When the specific opioid receptors are activated in the central nervous system, this leads to an activation of potassium channels and to an inhibition of voltage-dependent calcium channels and thus to a hyperpolarization of the neurons and to an inhibition of depolarization. The result is a decrease in the excitability of neurons. The transmission of neuronal activity is inhibited.
It can be assumed that the endogenous opioid system is one of the most important pain-inhibiting systems of the body. Afferent stimuli are modulated so that they are not transmitted unimpeded to the CNS. This prevents neuronal overexcitation and exaggerated pain sensation from occurring.In the skin, opioid recurrent pores influence cell proliferation, migration, and adhesion. μ-Opioid receptors have been found in all layers of the epidermis, while δ-receptors are concentrated at cell contacts and may decrease desmoglein expression.
Inflammation: Under inflammatory conditions, opioid receptors are upregulated. Thus, lymphocytes and macrophages express opioid peptides during inflammatory or traumatic processes and then also express opioid receptors.

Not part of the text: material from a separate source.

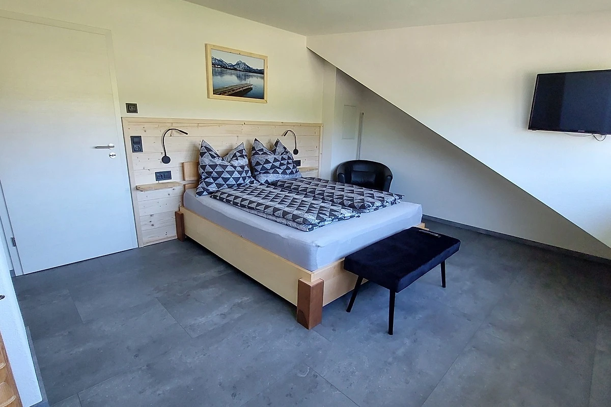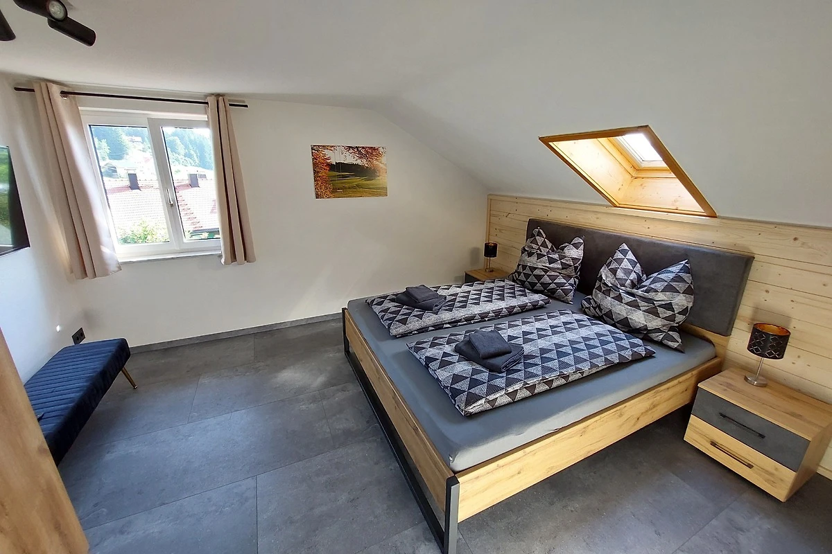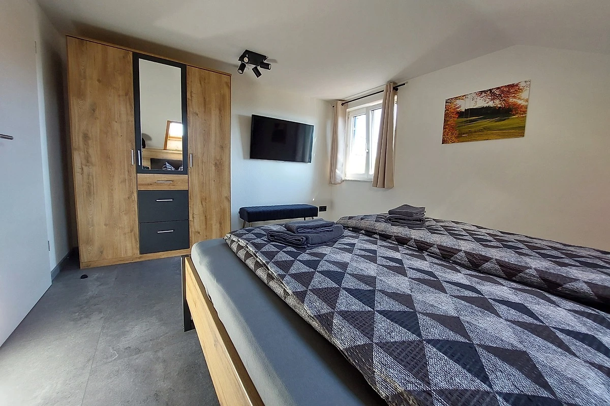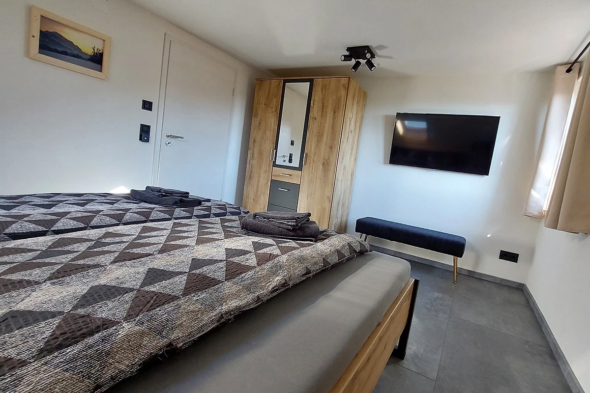 Schlafzimmer mit bequemem Betten, Kleiderschränke und TVs

Opioids as ligands of opioid receptors have immunomodulatory and immunosuppressive effects. They may increase the risk of infection. Opioids differ in their clinical effects due to different affinities for each type of receptor. The effect of opioids at their receptors can be reversed by the administration of opioid receptor antagonists (e.g. by the drugs naloxone or naltrexone).

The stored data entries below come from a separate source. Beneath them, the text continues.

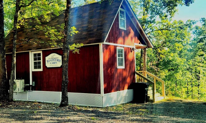The horse-themed cabin, The Windstorm sits on a ridge in the Ozark mountains just outside of Marshall, Arkansas. An RV pad with water-electric-sewer is adjacent to the cabin so for larger groups, bring your RV (RV pad rent is additional) From the front deck a beautiful view of the Ozark mountains can be seen. Having the amenities of home, you will find it extraordinarily comfortable but secluded enough to get away from the hustle-bustle of the city. It has a 3/4 bathroom with a walk-in shower, a two-person Jacuzzi tub on the deck, a loft with a queen bed and a sofa-sleeper that opens into a queen sleeper with a memory foam mattress. The kitchen has a two-burner cooktop, dishwasher, microwave, air-fryer/convection oven combo, coffee maker, and apartment sized fridge with an icemaker. A full-size washer and dryer are also available. The climate is controlled with a dual zone, mini-split AC/heat pump but also has an infrared fireplace heater. Outside you can enjoy the spacious 12' x 16' gazebo (covered pavilion) with a large fire pit next to it and a large enough covered BBQ grill to host a family gathering. The main attraction to the area is the beautiful, scenic Buffalo River that is famous for its one-of-a-kind float trips. The area is loaded with lots of activities for the outdoor enthusiast!
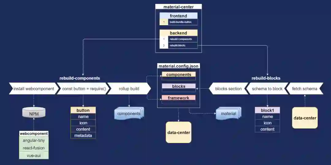 接下来我们看一下,物料中心的两个产物,物料资产包和组件库,它们是如何构建的。如下图所示,首先在物料中心的前端页面,我们点击构建组件和区块的按钮,后端服务就会分别执行构建动作。先看左边的组件构建流程,我们会根据用户选择的技术栈,安装相应的 Web Component 组件库,接着生成构建代码,代码里引入用户选择的组件,并且按照物料资产协议,输出该组件的描述信息,最后用 Rollup 打包构建,生成组件库。
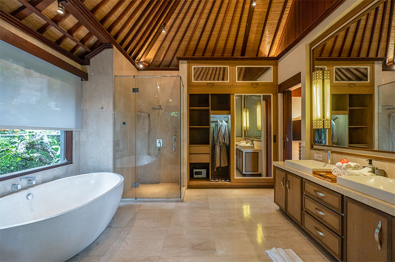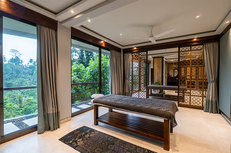 Bali is one of the spa capitals of the world so it’s only fitting that this villa in the heart of Bali features its own spa room. Framed by full wall windows looking out to the jungle, this spa room is both incredibly scenic and much larger than in most other villas. There are two massage beds here, with the option of closing the curtains between them if you would like simultaneous massages but with a little added privacy.

LiteratureThis section has been translated automatically.
Al-Hasani R et al (2011) Molecular mechanisms of opioid receptor-dependent signaling and behavior. Anesthesiology 115: 1363-1381.
Clark AJ (2016) 60 YEARS OF POMC: The proopiomelanocortin gene: discovery, deletion and disease. J mol endocrinol 56: T27-37.
Dhaliwal A et al (2019) Physiology, Opioid Receptor. In: StatPearls [Internet]. Treasure Island (FL): StatPearls Publishing, PMID: 31536249.
Del Vecchio G et al (2017) Novel Opioid Analgesics and Side Effects. ACS Chem Neurosci 8:1638-1640.
Dy SM, Asch SM, Naeim A et al (2008) Evidence-based standards for cancer pain management. J Clin Oncol 26:3879-3885
Jage J, Jurna I (2001) Opioid analgesics. In: Zenz M, Jurna I (ed.) Textbook of pain therapy, 2nd ed. Scientific Publishing Company, Stuttgart, S 255-280
Rock C (2016) Opioid Receptors. Annu Rev Med 67:433-451.
Tishevskaya NV et al (2017) Sensitivity of T-Lymphocytes to Hormones of the Anterior Pituitary Gland. Usp Fiziol Nauk 48:80-90.
Valentino RJ et al. (2018) Untangling the complexity of opioid receptor function. Neuropsychopharmacology43: 2514-2520.